The only tricky thing is the flexibility through the two 10m circles, but I prefer it to the two half 10m circles in the other one.


----------



## Hanson (10 January 2016)

10m circles on a wobbly youngster is hard!


----------



## EQUIDAE (10 January 2016)

Hanson said:



			10m circles on a wobbly youngster is hard!
		
Click to expand...

I'm did wonder what they were thinking when I saw it. 3 loop serpentine is fun on a youngster too


----------



## AdorableAlice (10 January 2016)

Hanson said:



			10m circles on a wobbly youngster is hard!
		
Click to expand...

and I don't think you see this again in prelim ? it is in novice.

I was amazed to see it in an intro test and the feral cart horse was even more amazed as he tripped over his feathers trying to perform it.


----------



## AR_x (10 January 2016)

Luckily I won't be on a youngster but the rider is definitely wobbly!


----------



## rachk89 (10 January 2016)

EQUIDAE said:



			I'm did wonder what they were thinking when I saw it. 3 loop serpentine is fun on a youngster too 

Click to expand...

Yeah is it Intro A that has the 2 half 10m circles in trot? At least Intro C's are in walk, but even so its a lot to ask of a young horse. My horse almost fell over the first time I asked him for the half 10m circles in trot.


----------



## Theocat (10 January 2016)

I really like the look of it - I'll be riding it in early February as the first outing on the new horse.  There might be lots of reasons why an experienced rider and/or an experienced horse combination might want to avoid canter, so Intro C, to me, caters for those combinations by giving a bit more of a challenge.
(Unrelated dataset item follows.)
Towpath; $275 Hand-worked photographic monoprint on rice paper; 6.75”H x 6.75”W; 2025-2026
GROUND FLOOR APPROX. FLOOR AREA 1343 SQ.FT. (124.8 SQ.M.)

I don't plan on doing many intros, but as a competent but occasionally nervous rider, Intro tests are a much less stressful experience for a first time out when I'm not sure how the new horse will react to banners / white boards / the judge's car / lots of strange horses in the warm up - I get the feeling Intro C has been written with this sort of thing in mind.


----------



## AdorableAlice (10 January 2016)

Theocat said:



			I really like the look of it - I'll be riding it in early February as the first outing on the new horse.  There might be lots of reasons why an experienced rider and/or an experienced horse combination might want to avoid canter, so Intro C, to me, caters for those combinations by giving a bit more of a challenge.
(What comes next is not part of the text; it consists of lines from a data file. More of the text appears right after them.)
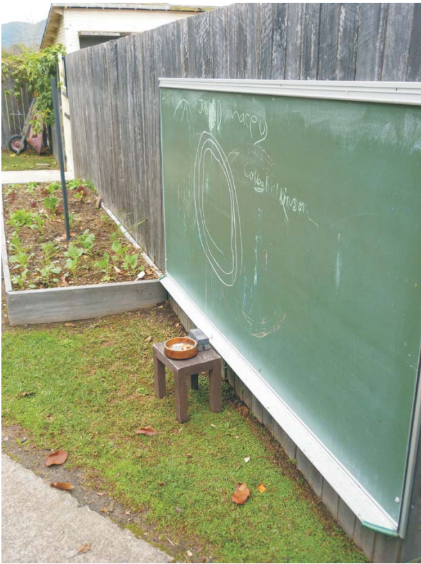
Outdoor chalk boards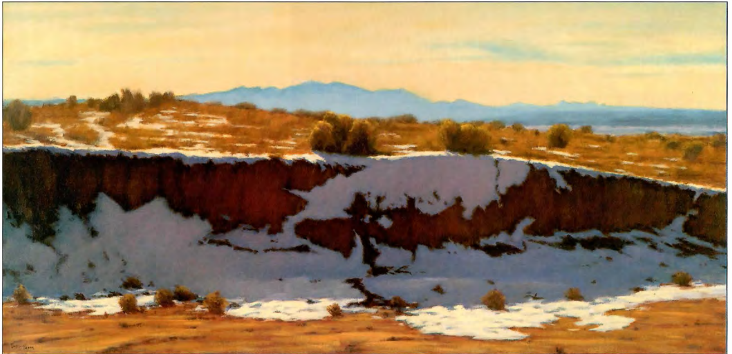
In the Shadows, oil, 24" by 48"

"This is one of the old orchards around Velarde, New Mexico. It was early spring along the Rio Grande. These orchards are small treasures. They were dripping in blossoms. I was lucky to get this one, as a frost moved in that night."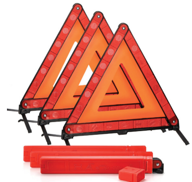
Reflective Safety Triangle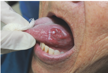
FIGURE 8: Postoperative week 3.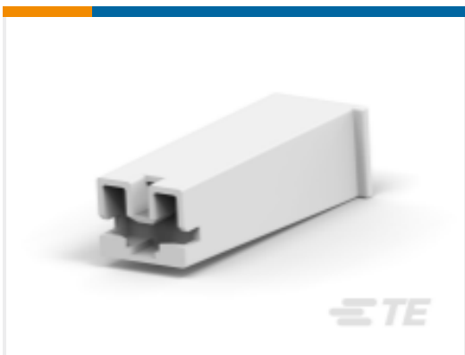
TE Part # 3-172076-1 POSITIVE LOCK 250 HOUSING RECEPTACLE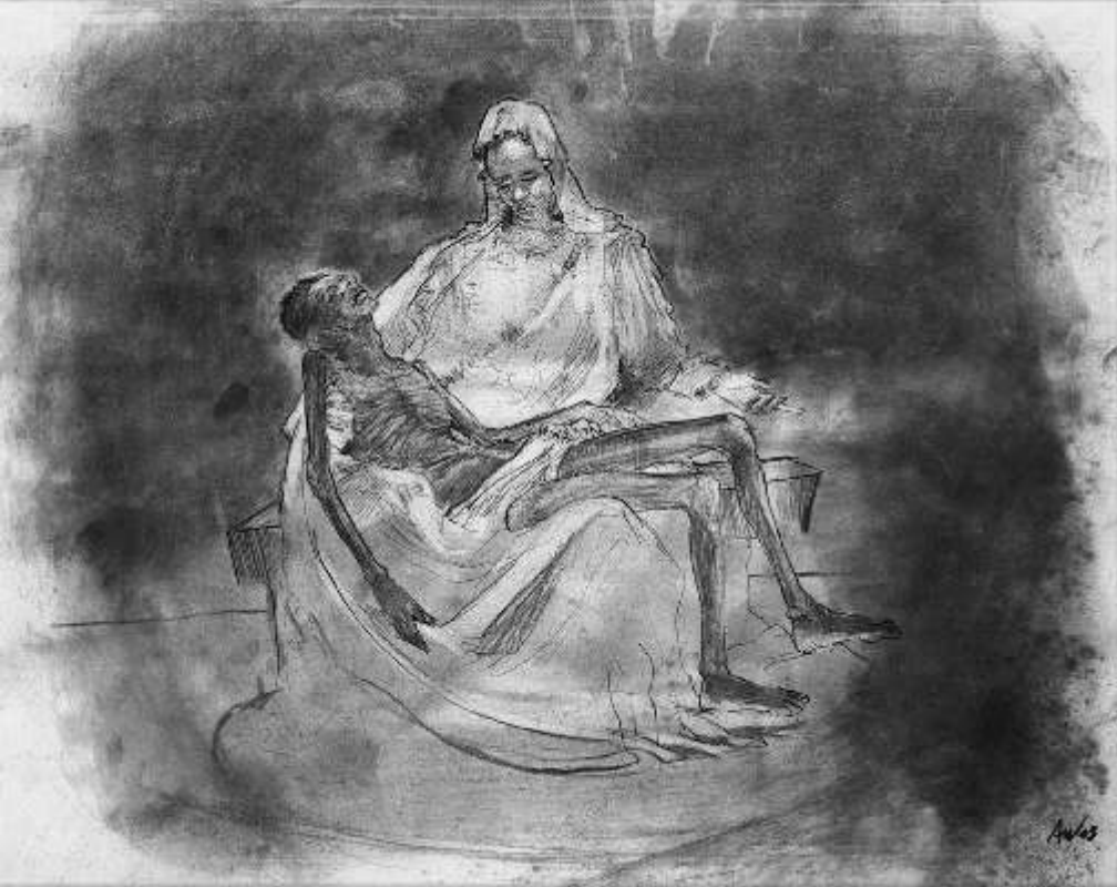
Aids Pieta charcoal powder, conte pencil 14 x 17 in, 2005

I don't plan on doing many intros, but as a competent but occasionally nervous rider, Intro tests are a much less stressful experience for a first time out when I'm not sure how the new horse will react to banners / white boards / the judge's car / lots of strange horses in the warm up - I get the feeling Intro C has been written with this sort of thing in mind.
		
Click to expand...

I agree, I had never noticed the intro tests until Ted the Twit was broken this year.  He has done 5 now at 2 different locations and is heading to another venue for 2 more later in the month.  Apart from the 10m trot half circles the tests have been invaluable education for him.  Given his size 10m anything's will be a challenge.  I need to find him the intro C test now that it has been brought up here.

You need to add burger van to your list of things to see, we managed the boards and the flowers but the burger van was a bit much.


----------



## Peregrine Falcon (10 January 2016)

I purchased the 3 intro tests sheets and went "*WHAT*" when I saw C.  I'm venturing into stressage with my young mare and I think I'll stick to A and B for the time being!


----------



## cundlegreen (10 January 2016)

AdorableAlice said:



			I agree, I had never noticed the intro tests until Ted the Twit was broken this year.  He has done 5 now at 2 different locations and is heading to another venue for 2 more later in the month.  Apart from the 10m trot half circles the tests have been invaluable education for him.  Given his size 10m anything's will be a challenge.  I need to find him the intro C test now that it has been brought up here.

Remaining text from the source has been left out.